*Work task*: When the line containing "Each card represents" appears in the entries below, begin printing there and stop after the line containing "и кантри интерьерах."; print each of those lines exactly and no other line.

*Supplied material*:
--- START ---
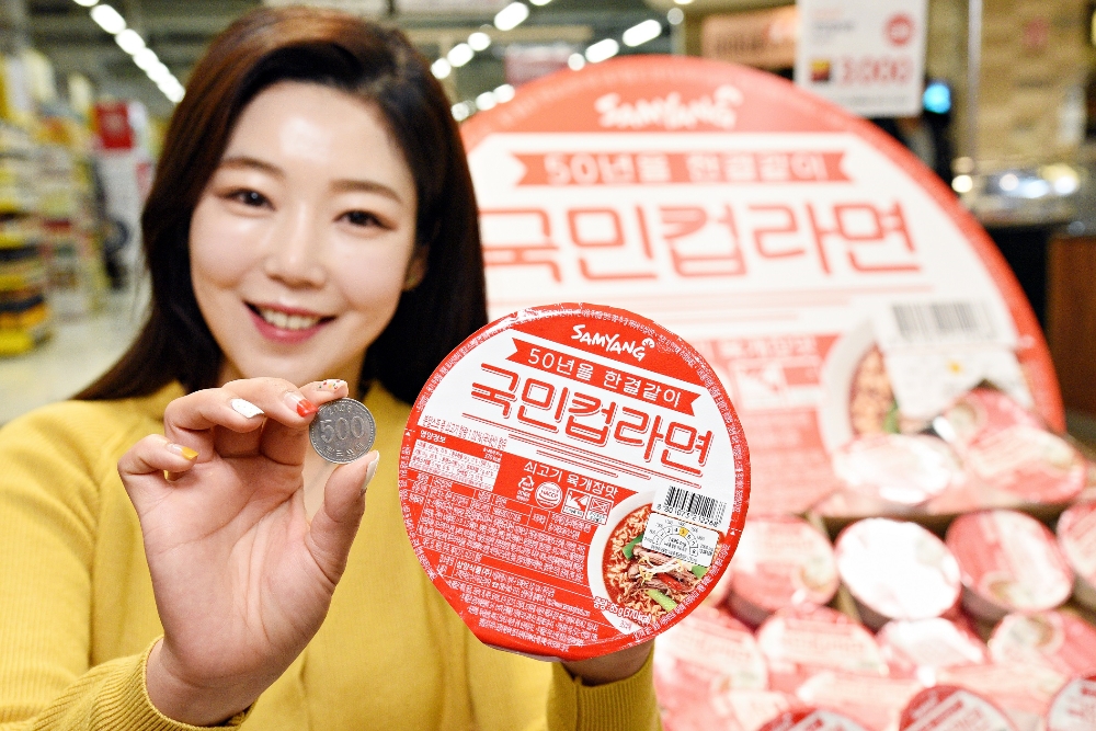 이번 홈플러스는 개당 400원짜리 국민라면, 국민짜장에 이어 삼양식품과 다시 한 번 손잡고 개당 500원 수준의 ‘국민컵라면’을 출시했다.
--- END ---
--- START ---
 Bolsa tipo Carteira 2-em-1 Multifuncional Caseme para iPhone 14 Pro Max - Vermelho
--- END ---
--- START ---
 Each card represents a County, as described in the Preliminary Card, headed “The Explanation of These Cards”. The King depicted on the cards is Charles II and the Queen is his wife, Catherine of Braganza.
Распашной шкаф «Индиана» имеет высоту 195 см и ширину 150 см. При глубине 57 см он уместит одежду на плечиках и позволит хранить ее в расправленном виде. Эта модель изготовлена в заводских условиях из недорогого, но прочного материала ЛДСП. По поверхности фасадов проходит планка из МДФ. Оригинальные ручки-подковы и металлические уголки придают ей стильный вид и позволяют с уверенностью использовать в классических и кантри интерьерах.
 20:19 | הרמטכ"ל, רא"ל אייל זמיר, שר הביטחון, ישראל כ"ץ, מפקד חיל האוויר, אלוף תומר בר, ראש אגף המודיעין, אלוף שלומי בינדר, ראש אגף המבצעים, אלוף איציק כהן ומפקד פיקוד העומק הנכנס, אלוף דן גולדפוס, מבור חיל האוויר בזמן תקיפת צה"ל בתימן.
--- END ---
*Output for this exercise*:
 Each card represents a County, as described in the Preliminary Card, headed “The Explanation of These Cards”. The King depicted on the cards is Charles II and the Queen is his wife, Catherine of Braganza.
Распашной шкаф «Индиана» имеет высоту 195 см и ширину 150 см. При глубине 57 см он уместит одежду на плечиках и позволит хранить ее в расправленном виде. Эта модель изготовлена в заводских условиях из недорогого, но прочного материала ЛДСП. По поверхности фасадов проходит планка из МДФ. Оригинальные ручки-подковы и металлические уголки придают ей стильный вид и позволяют с уверенностью использовать в классических и кантри интерьерах.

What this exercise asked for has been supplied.